Resilient Distributed Datasets
IT 위키
Resilient Distributed Datasets (RDDs) are the fundamental data structure in Apache Spark that provide fault-tolerant, parallel computation on large datasets. RDDs enable efficient distributed data processing while ensuring resilience to failures.
1 Overview[편집 | 원본 편집]
RDDs are immutable, distributed collections of objects that can be processed in parallel. They are designed to optimize large-scale data processing by:
- Fault Tolerance: Automatically recovering lost data using lineage (recomputing from original data).
- In-Memory Processing: Storing intermediate results in memory to improve performance.
- Lazy Evaluation: Transformations are not executed immediately but only when an action is triggered.
- Partitioning: Data is split across nodes to allow parallel execution.
2 Key Features[편집 | 원본 편집]
- Immutability: Once created, RDDs cannot be modified; transformations create new RDDs.
- Lineage Tracking: Maintains a history of transformations to recompute lost partitions.
- Lazy Evaluation: Delays execution until an action (e.g., count, collect) is called.
- Fault Tolerance: Automatically recomputes lost partitions without replicating data.
- Parallel Computation: Distributes tasks across nodes in a Spark cluster.
3 Creating RDDs[편집 | 원본 편집]
RDDs can be created in two main ways:
- From an existing collection:
data = [1, 2, 3, 4, 5]
rdd = sparkContext.parallelize(data)
- From an external data source:
rdd = sparkContext.textFile("hdfs://path/to/file.txt")
4 Transformations and Actions[편집 | 원본 편집]
RDDs support two types of operations:
4.1 Transformations (Lazy Evaluation)[편집 | 원본 편집]
Transformations produce new RDDs from existing ones but do not execute immediately:
- map(func) – Applies a function to each element.
- filter(func) – Keeps elements that satisfy a condition.
- flatMap(func) – Similar to map but allows returning multiple values per input.
- union(rdd) – Merges two RDDs.
4.2 Actions (Trigger Execution)[편집 | 원본 편집]
Actions compute and return results or store data:
- collect() – Returns all elements to the driver.
- count() – Returns the number of elements in the RDD.
- reduce(func) – Aggregates elements using a function.

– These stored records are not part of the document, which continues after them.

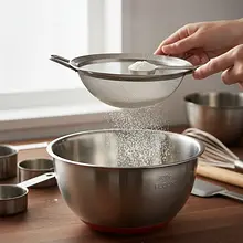 Do dużej miski przesiej 300g mąki pszennej, 2 łyżeczki proszku do pieczenia, 1 łyżeczkę sody oczyszczonej i szczyptę soli. Przesiewanie napowietrzy mąkę i pozbędzie się ewentualnych grudek, co sprawi, że ciasto będzie bardziej puszyste. Wymieszaj suche składniki trzepaczką.
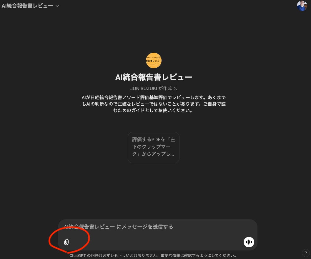 また、作業効率化の一環としてカスタムchatGPTにて、簡易的な統合報告書のレビューを行うチャットボットも作ってみました。
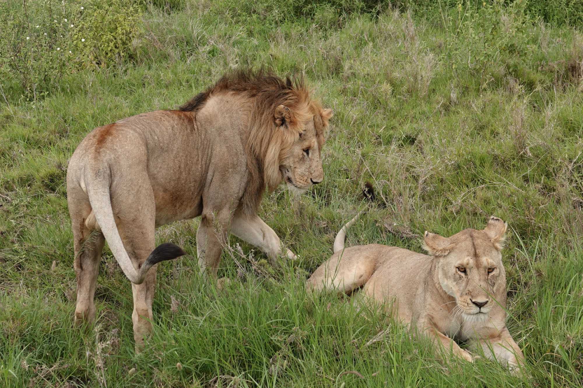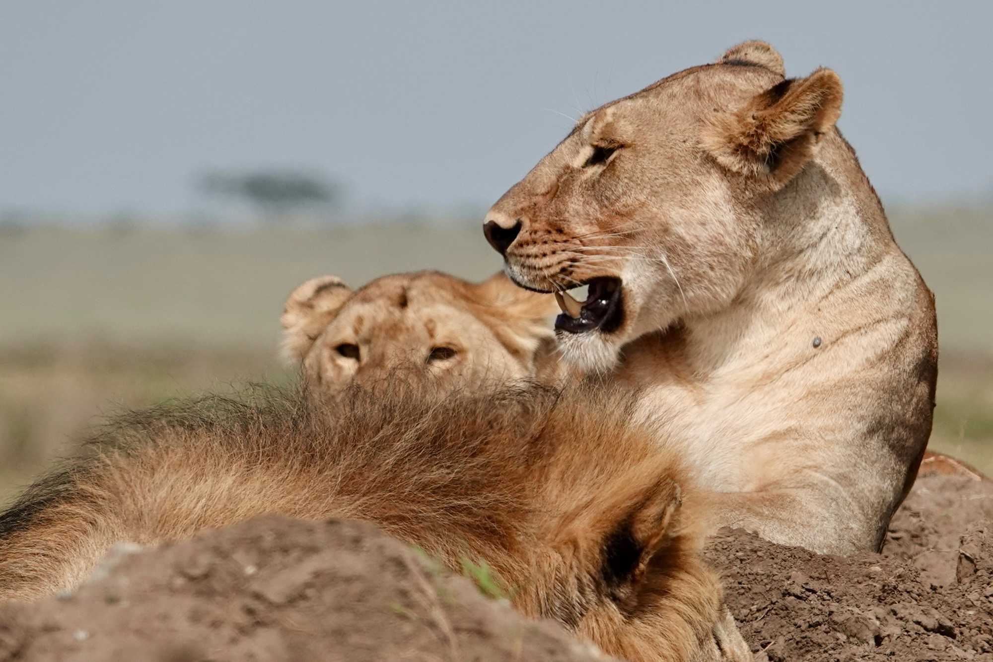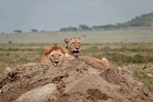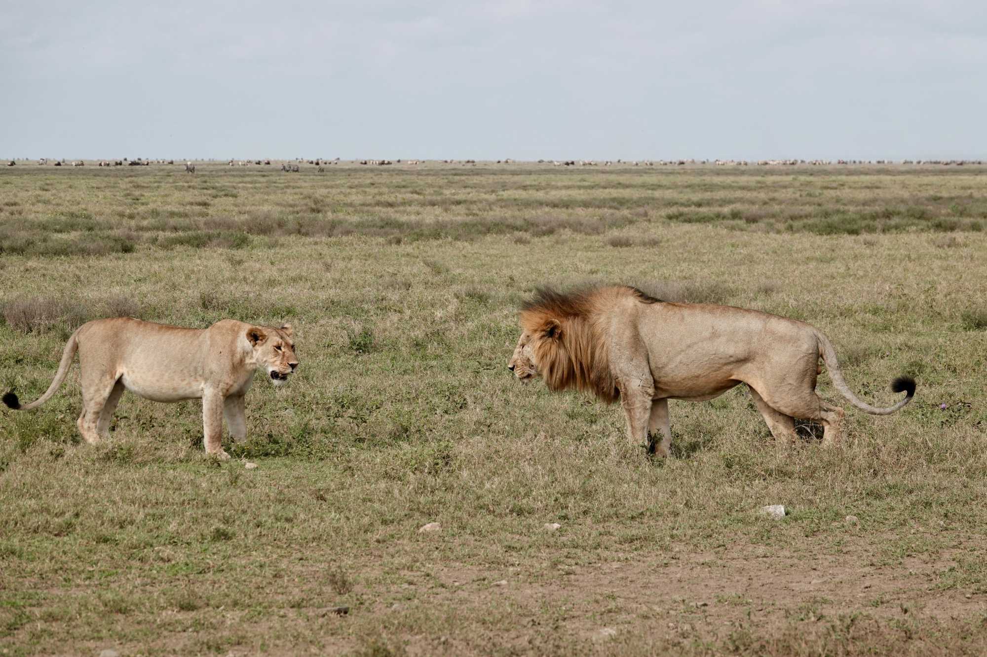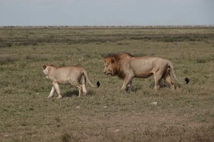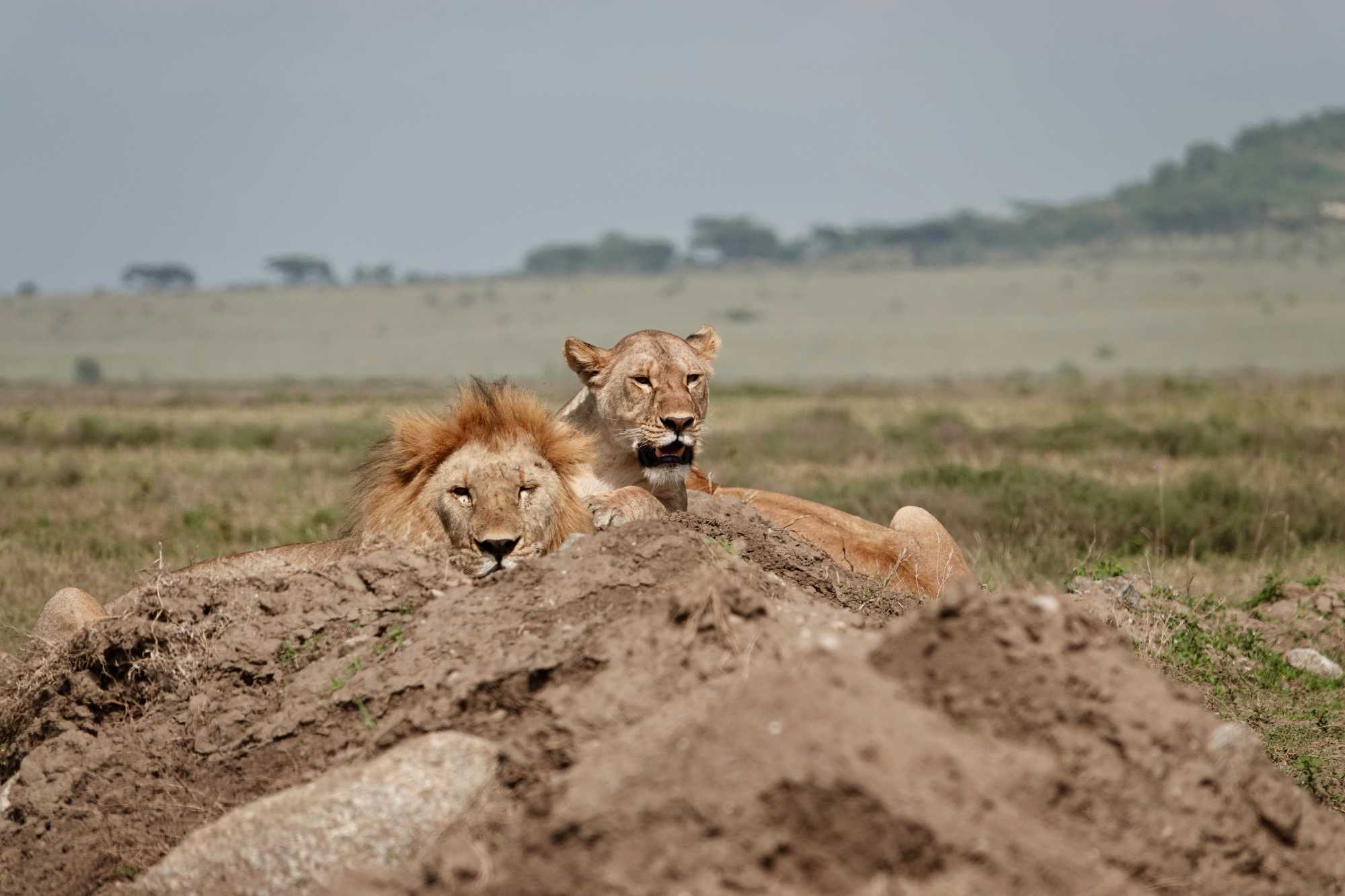Puis, alors que nous poursuivons notre exploration du Serengeti, nous tombons sur un autre couple de lions. Décidément, ce parc est un véritable royaume pour ces félins.
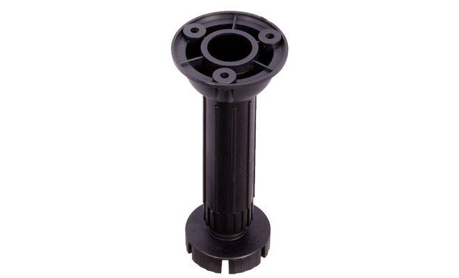 Цокольна меблева опора для кухонних шаф 637.17.302. Вантажопідйомність: близько 160 кг. Матеріал: пластик. Колір: чорний. Розміри опори меблевого плінтуса: Висота: 80 мм. Регулювання висоти: + 15 мм. Діаметр кріплення: 60 мм. Діаметр основи: 50 мм. Діаметр ніжки: 29 мм. Монтаж опори меблевого плінтуса: Шляхом закручування з 3 шурупами для ДСП.
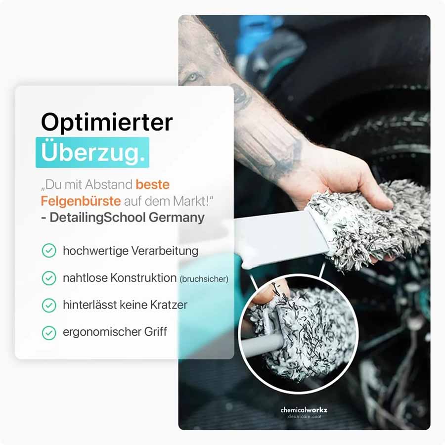 Das neue chemicalworkz Wash Brush Cover V2 ist ab sofort erhältlich und wurde weiterentwickelt, um eine noch präzisere Passform für Bürsten zu gewährleisten. Der optimierte Viskose-Einsatz im Inneren verhindert effektiv das Durchdringen der Borsten während des Waschens. Das Cover besteht aus hochwertigen, langen Plüsch-Mikrofasern, die Schmutz schonend und gründlich entfernen. Dank des integrierten Gummizugs lässt sich der Überzug mühelos anbringen. Mit dem chemicalworkz Wash Brush Cover V2 wird das Risiko von Kratzern durch eingeschlossene Schmutzpartikel in den Bürsten nochmals deutlich minimiert.Dieses Produkt wird in enger Zusammenarbeit mit einer renommierten koreanischen Produktionsstätte gefertigt und erfüllt höchste Qualitätsstandards durch den Einsatz erstklassiger Garne und sorgfältiger Verarbeitung. Es überzeugt durch seine herausragende Haltbarkeit und lange Lebensdauer.Alle Produkte von chemicalworkz bieten dir hervorragende Reinigungsergebnisse und sind wiederverwendbar sowie maschinenwaschbar. Sie eignen sich ideal zur Reinigung von Außenflächen und zur gründlichen Pflege des Fahrzeuginnenraums. Die Lieferung erfolgt in einem umweltfreundlichen, wiederverschließbaren Druckverschlussbeutel, der das Produkt zuverlässig vor Schmutz, Feuchtigkeit, Staub und UV-Strahlung schützt.Produkteigenschaften:Farbe: GrauMaße: 17 × 25 cmMaterial: Hochwertige Korea-FaserGrammatur: 1400 GSM (g/m²)Zusammensetzung: 94% Polyester / 6% Viskose (100% Mikrofaser)Verpackung: Umweltfreundlicher, wiederverschließbarer DruckverschlussbeutelTipp:Damit deine Mikrofaserprodukte lange haltbar bleiben, beachte bitte folgende Pflegeempfehlungen: Maschinenwäsche bei maximal 40°C, ein spezielles Mikrofaserwaschmittel verwenden, keinen Weichspüler nutzen, nicht im Trockner trocknen und nicht bügeln.
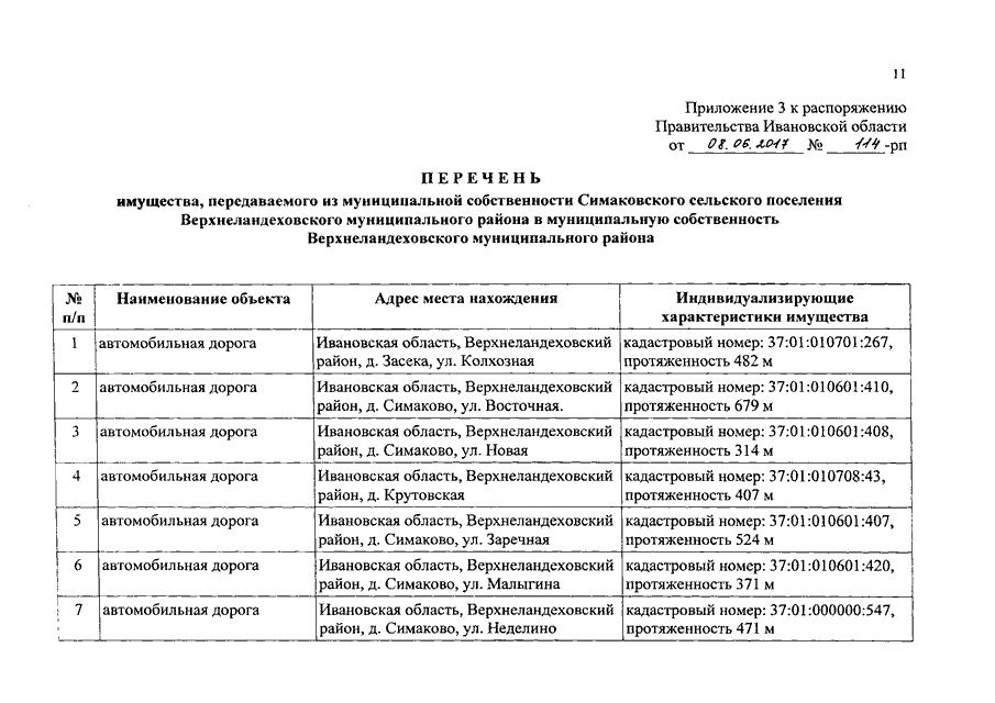 Распоряжение Правительства Ивановской области от 08.06.2017 N 114-рп "О разграничении имущества, находящегося в муниципальной собственности, между Верхнеландеховским муниципальным районом и сельскими поселениями, входящими в его состав, в связи с изменением перечня вопросов местного значения сельского поселения"
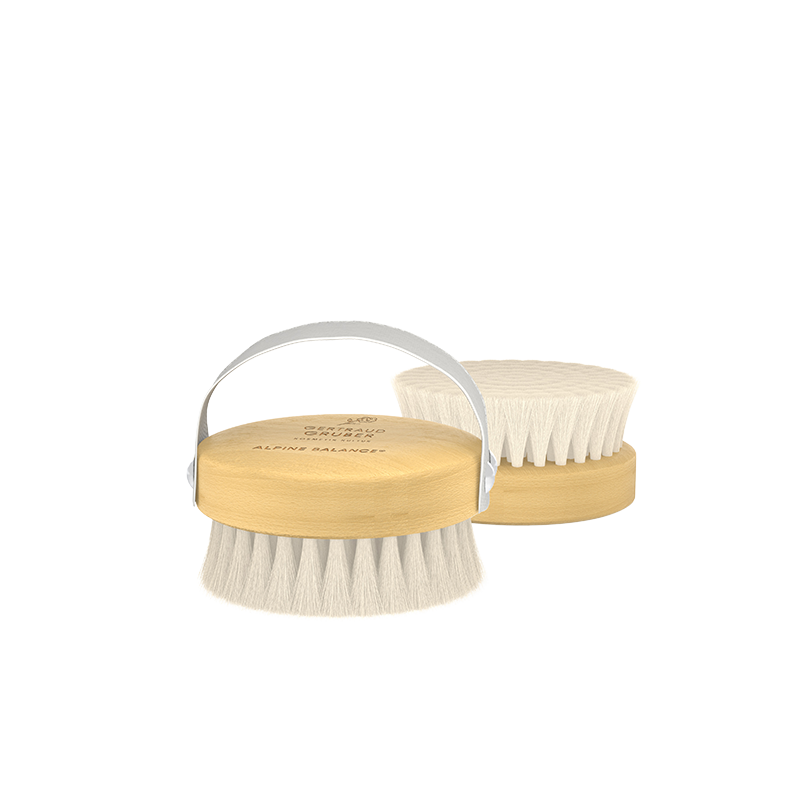 Die hochwertige Alpine Balance Massagebürste aus besonders weichem, natürlichem Ziegenhaar unterstützt den Lymphfluss und die Entschlackung des Gewebes auf sanfte Weise. Gleichzeitig regt sie die Durchblutung und den Hautstoffwechsel an, beruhigt das vegetative Nervensystem und hilft, Spannungen zu lösen. Im praktischen Set für die beidseitige Anwendung entfaltet sie ihre Wirkung besonders effektiv – für ein ganzheitlich belebendes Pflegeerlebnis
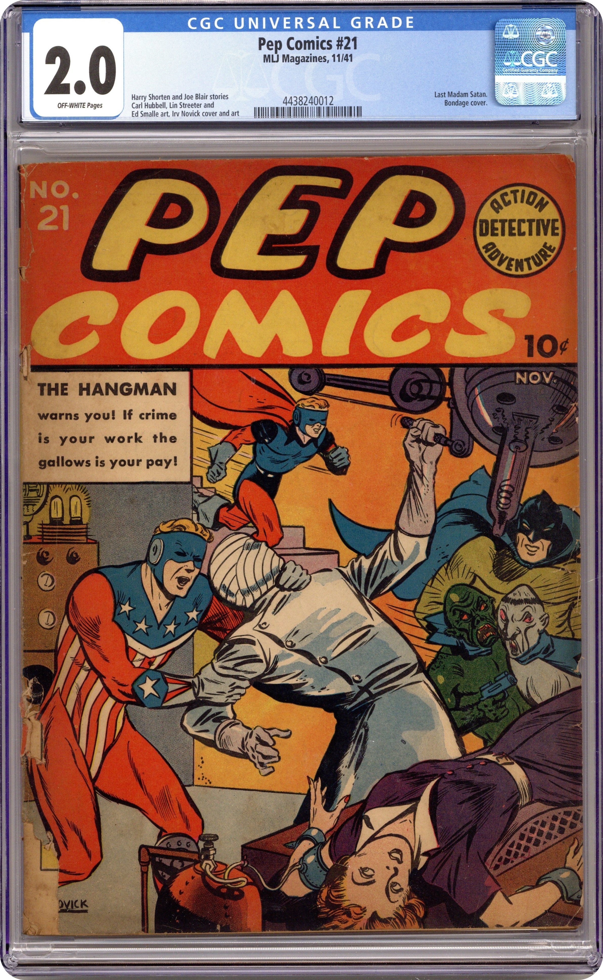 Cover art by Irv Novick. Shield story, script by Harry Shorten, art by Irv Novick. Hangman story, script by Joe Blair. Danny In Wonderland story, script by Harry Shorten, art by Lin Streeter. Sergeant Boyle story, art by Carl Hubbell. Jolly Roger story, script by Joe Blair, art by Ed Smalle. Madam Satan story, art by Harry Lucey. Kayo Ward story, script by Harry Shorten. Bentley of Scotland Yard story, script by Joe Blair. 68 pages. Cover price $0.10.
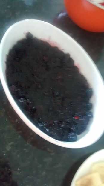 extienda la mezcla de BlackBerry en la parte inferior de un plato de horno prueba!
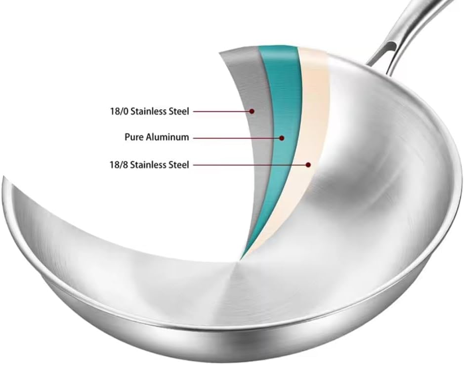 KLAUS Wok 28 cm en Inox inoxydable haute qualité Tous Feux Dont Induction | Cuisson Saine et Homogène | Facile à Nettoyer
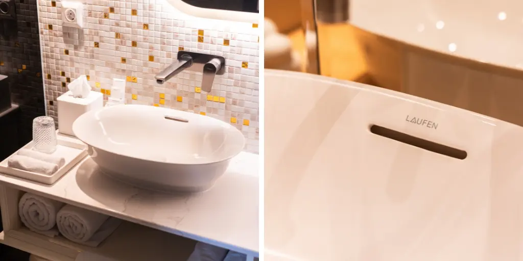 At Kimpton BEM Budapest, Marcel Wanders’ enchanting design vision extends into every bathroom space, where The New Classic washbasin, along with the LUA wall-hung pan and freestanding bathtub, bring sophistication to private guest rooms and suites. Public washrooms are equally refined, featuring LAUFEN’s innovative Lema waterless urinal and Cinto urinal divider, all seamlessly integrated to embody the hotel’s blend of history and modern luxury.
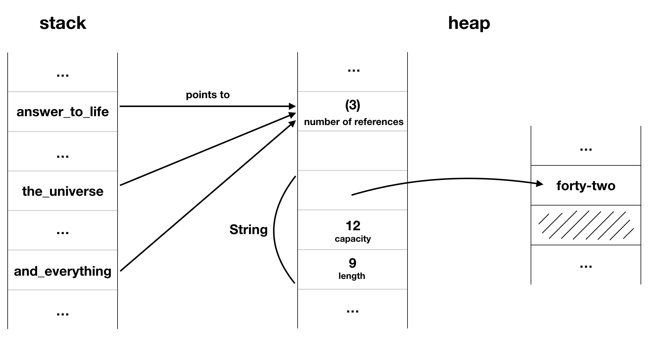 - Cada vez que clonarmos, o contador de referências será incrementado; cada vez que droparmos um, o contador de referência será decremetado; chegando a zero, temos o drop.
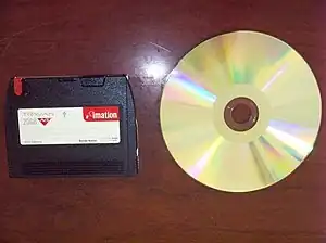 Travan is an 8 mm magnetic tape cartridge design developed by the 3M company, used for the storage of data in computer backups and mass storage.[1] Over time, subsequent versions of Travan cartridges and drives have been developed that provide greater data capacity, while retaining the standard 8 mm width and 750' length. Travan is standardized under the QIC body. HP Colorado, Iomega DittoMax and AIWA Bolt are proprietary versions of the Travan format.[2]
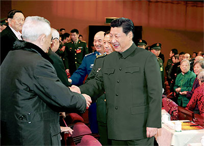 中华民族传统节日羊年春节到来前夕,为民族独立和解放建立卓越功勋、为国防和军队现代化建设作出突出贡献的驻京部队老干部欢聚一堂。回顾过去的一年,大家深切感到,在党中央、习主席坚强领导下,中央军委加强军事战略指导,召开全军政治工作会议,研究论证深化国防和军队改革,推进整风肃纪反腐,军队建设取得显著成绩。大家一致表示,在新的一年里,要深入学习贯彻习近平总书记系列重要讲话精神,深入学习贯彻习主席国防和军队建设重要论述,围绕实现党在新形势下的强军目标,锐意进取、扎实苦干,努力开创强军兴军新局面。
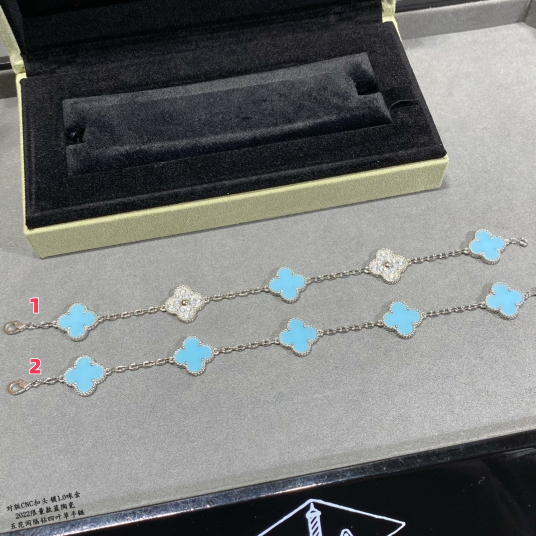 V*N CL*F & Arpels Royal Blue Ceramic Five-Flower Four-Leaf Clover Bracelet
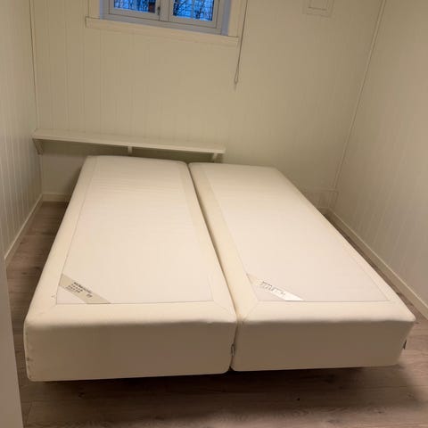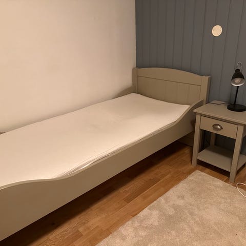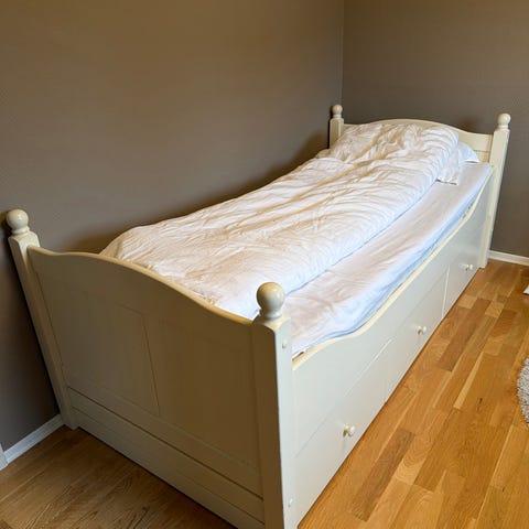 IKEA seng med tre oppbevaringsskuffer under sengen. Sengen er hvit og laget av tremateriale. 90 bredde, kan dras ut til dobbeltseng. To enkle madrasser følger med. Noen kosmetiske småskader. Må hentes og evt demonteres av kjøper.

- saveAsTextFile(path) – Saves the RDD to a storage location.
5 RDD Lineage and Fault Tolerance[편집 | 원본 편집]
RDDs achieve fault tolerance through lineage tracking:
- Instead of replicating data, Spark logs the sequence of transformations.
- If a node fails, Spark recomputes lost partitions from the original dataset.
- This approach minimizes storage overhead while ensuring reliability.
6 Comparison with Other Distributed Data Models[편집 | 원본 편집]
Feature | RDDs (Spark) | MapReduce (Hadoop) | DataFrames (Spark) |
---|---|---|---|
Data Processing | In-memory | Disk-based | Optimized execution plans |
Fault Tolerance | Lineage (recomputes lost data) | Replication | Lineage (like RDDs) |
Performance | Fast (RAM-based) | Slow (disk I/O) | Faster (columnar storage) |
Ease of Use | Low (requires functional programming) | Low (requires custom Java/Python) | High (SQL-like API) |
7 Advantages[편집 | 원본 편집]
- High Performance: In-memory computation reduces I/O overhead.
- Scalability: Designed to handle petabyte-scale data.
- Fault Tolerance: Efficient recovery via lineage tracking.
- Flexible API: Supports functional programming in Scala, Python, Java.
8 Limitations[편집 | 원본 편집]
- Complex API: Requires functional programming knowledge.
- High Memory Usage: Inefficient for certain workloads compared to optimized data structures like DataFrames.
- No Schema Optimization: Unlike DataFrames, RDDs do not optimize queries automatically.
9 Applications[편집 | 원본 편집]
- Big Data Processing: Used in large-scale ETL and analytics pipelines.
- Machine Learning: Supports distributed ML algorithms via MLlib.
- Graph Processing: Backbone of GraphX for scalable graph analytics.